## Task instructions
If an entry holds a picture, leave that picture out. Give everything else again exactly.

## Source material
■ ■ ■ ■ ■ ■ ■
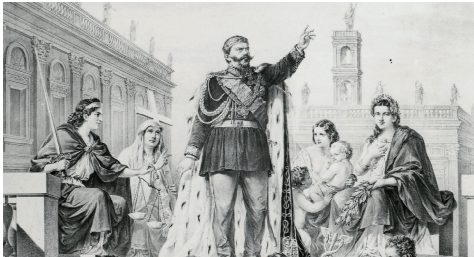
G.G. Bini - A. Masutti, Le virtù e le arti celebrano Vittorio Emanuele II in Campidoglio, 1870-75 ca.
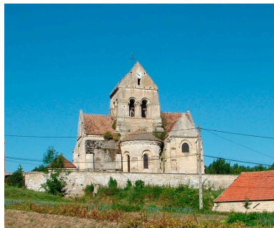
Vue d'ensemble. IVR22_20040202961NUC1A
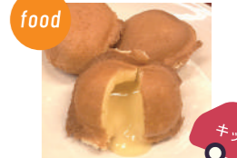
明石夢工房 半熟カステラ福玉焼
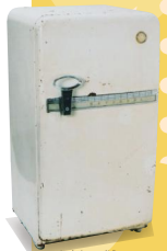
てんさいいそうご電気冷蔵庫 (岐阜市歴史博物館蔵)
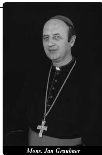
Mons. Jan Graubner

a ochranu, podporu a vážnost rodiny a manželství, svobodu osobní, svobodu vyznání a školy, všestrannou ochranu sociální proti zneužití svobody silnějším vůči slabšímu, zabezpečení spravedlivé mzdy rodinné, ochranu a bezpečnost hmotných statků vzniklých a nashromážděných poctivou prací. Stát je pro lidi, nikoliv lidí pro stát. Stát nesmí překážet, ale má všude pomáhat.
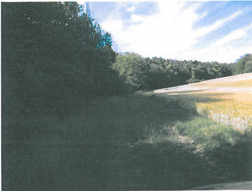
Chemin à empierrer
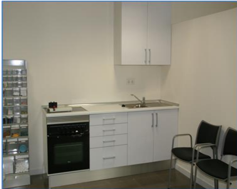
Actividades de la vida diaria
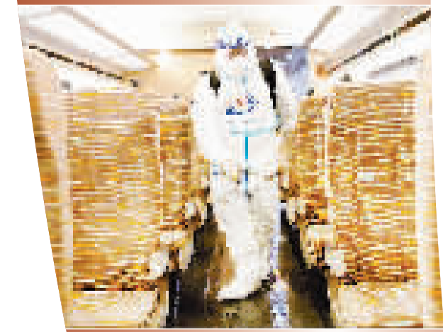
近日,为全力防止疫情通过铁路传播,有效保障旅客乘坐安全,天津铁路疾控中心加强疫情防控工作,对入库高铁列车进行预防性消杀作业,保证广大旅客出行安全。 本报记者 刘乃文 通讯员 蔡树田摄
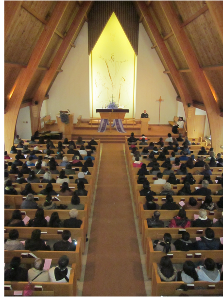
COTH Lieldienu gājiens
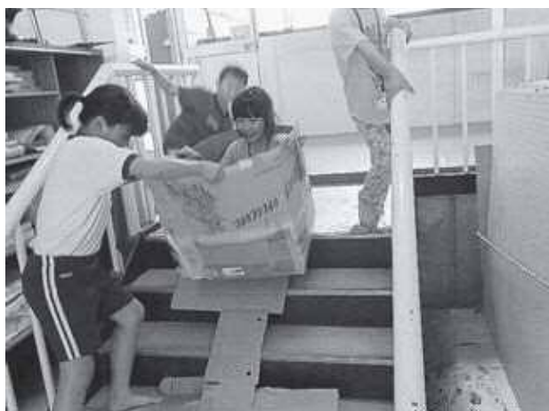
段ボールで階段を滑り落ちる

段ボールを使った工作では学年関係なくみんなで作り、できあがった作品で一緒に遊んでいます。
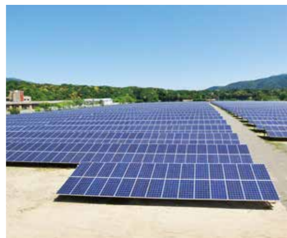
メガソーラーいなべ(三重県いなべ市)

地元密着の企業として、地域環境の発展に取り組んでおり、太陽光発電事業を皆様に広くご提案出来る事は、私たちにとっての誇りです。これからも責任ある施工・販売を続けていき、ハウスエネルギーソリューションを中心に、「環境」「リサイクル」事業をより一層育てていきたいと考えています。
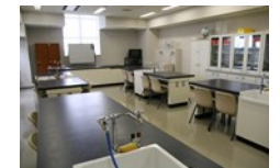
理科関係の実習に最適な実習室
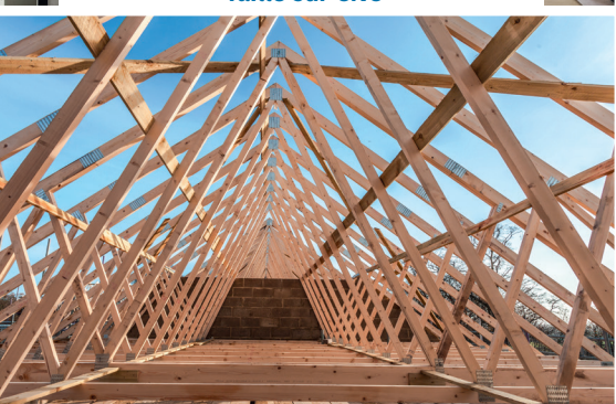
Projets simples ou complexes
■ ■ ■ ■ ■ ■ ■
## Task solution
G.G. Bini - A. Masutti, Le virtù e le arti celebrano Vittorio Emanuele II in Campidoglio, 1870-75 ca.
Vue d'ensemble. IVR22_20040202961NUC1A
明石夢工房 半熟カステラ福玉焼
てんさいいそうご電気冷蔵庫 (岐阜市歴史博物館蔵)
Mons. Jan Graubner

a ochranu, podporu a vážnost rodiny a manželství, svobodu osobní, svobodu vyznání a školy, všestrannou ochranu sociální proti zneužití svobody silnějším vůči slabšímu, zabezpečení spravedlivé mzdy rodinné, ochranu a bezpečnost hmotných statků vzniklých a nashromážděných poctivou prací. Stát je pro lidi, nikoliv lidí pro stát. Stát nesmí překážet, ale má všude pomáhat.
Chemin à empierrer
Actividades de la vida diaria
近日,为全力防止疫情通过铁路传播,有效保障旅客乘坐安全,天津铁路疾控中心加强疫情防控工作,对入库高铁列车进行预防性消杀作业,保证广大旅客出行安全。 本报记者 刘乃文 通讯员 蔡树田摄
COTH Lieldienu gājiens
段ボールで階段を滑り落ちる

段ボールを使った工作では学年関係なくみんなで作り、できあがった作品で一緒に遊んでいます。
メガソーラーいなべ(三重県いなべ市)

地元密着の企業として、地域環境の発展に取り組んでおり、太陽光発電事業を皆様に広くご提案出来る事は、私たちにとっての誇りです。これからも責任ある施工・販売を続けていき、ハウスエネルギーソリューションを中心に、「環境」「リサイクル」事業をより一層育てていきたいと考えています。
理科関係の実習に最適な実習室
Projets simples ou complexes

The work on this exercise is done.